Here is how my mounted my hand guards.

 

DSC_1447.JPG

 

Its simple and light weight, plus the guards don't rotate on the bars when you crash.  And they don't interfere with the control cable routing !

Here is another weight saving idea.

 

DSC_1445.JPG

 

Yamaha builds great bikes, but they often overbuild things by quite a bit, especially on the WR.  Where a KTM has 1 bolt or maybe a plastic piece, Yamaha has 2 bolts and a steel piece.   This is great for reliability and toughness, but sometimes they overdo it.

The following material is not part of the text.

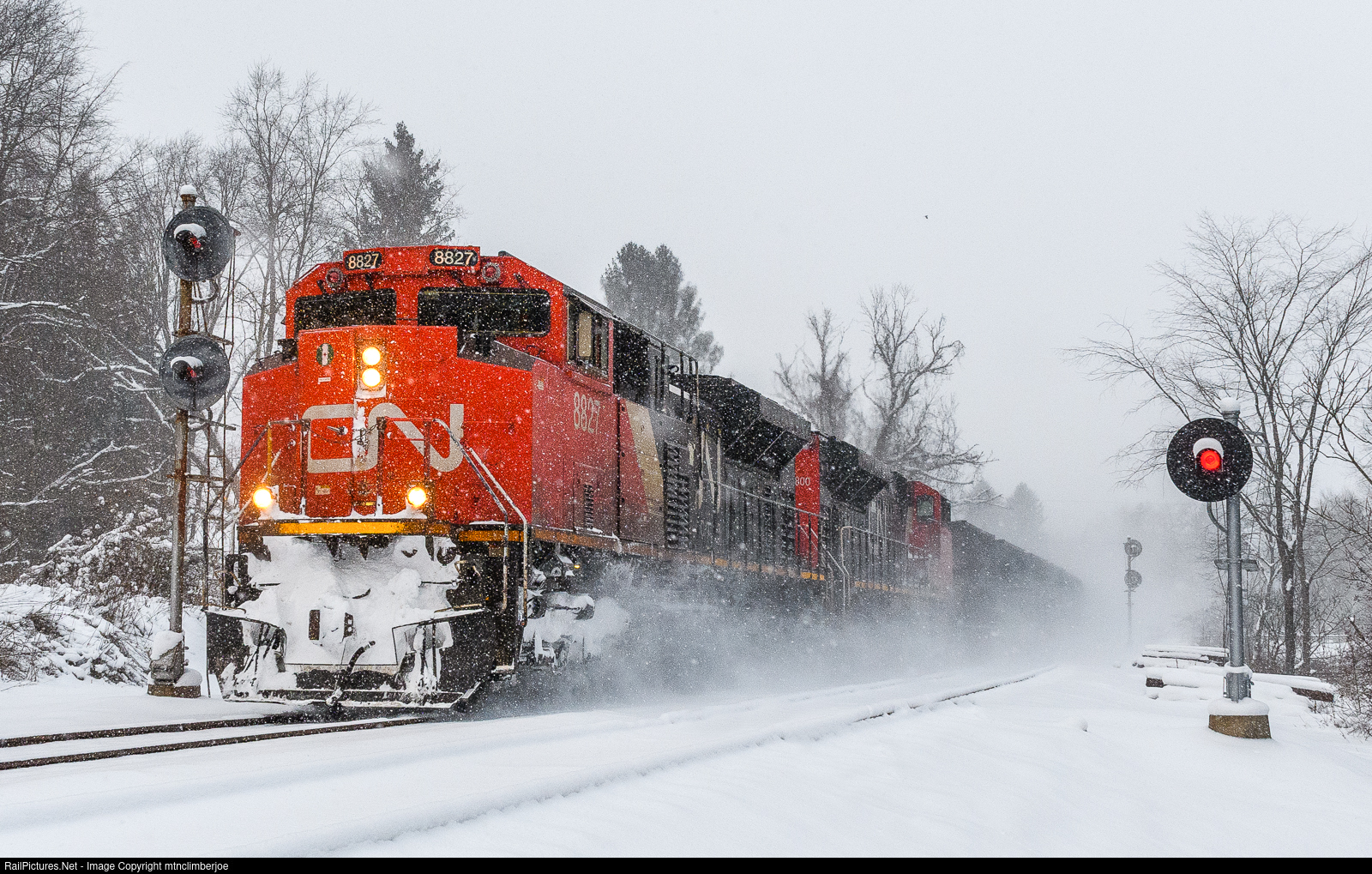 | With heavy lake effect snow hammering the region, loaded iron ore train U702 makes its way south on the Bessemer Subdivision behind a pair of Canadian National SD70M-2's. Splitting the searchlight signals, the train cruises through the MD North control point in Harmonsburg, Pennsylvania after recrewing in Conneautville.

'06 YZ fork is a direct swap

'07 and later require the wheel caliper etc

You can attach the WR caliper to the later forks if you dont mind modifying the bracket and if you can do some minor precision machining (spacers).

The stock pre '13 WR forks are very basic and not built very well, and will never have the capacity for both plushness and control like the YZ forks no matter how you modify them. I tried them all

 

Error in bold.  '07 YZ250F was the only one that year using the later, smaller caliper, master cylinder, and axle, and the late axle (up to the '13 model year YZ450) fits the standard 20mm bearings.  You just need the axle and spacers from the correct year YZ.  In 2008, all the rest of the line went with the smaller brakes.  From '10 upward, the outer fork tube diameters are different, but the internals are essentially the same, and mostly interchangeable.

 

I switched from an '03 CR250R to an '06 WR450 and I can't really tell much difference either.  The extra weight might even be a benefit, cause you don't seem to bounce around so much...

That's why the XR650 works so well in the rocky stuff; the suspension HAS TO comply whether it wants to or not. :smirk:

I think i may have been caught up in some kind of parallel reverse universe in my dirt biking attempts at utopia, i bought a road registered [street legal] yz450f 2007 and have gradually turned it into a wr from the other side of the mirror, the cost and time spent are on a par with your endeavors, if we carry on in our quest I fear our machines may have reached a point where we may be able to call them a doppelganger or sorts!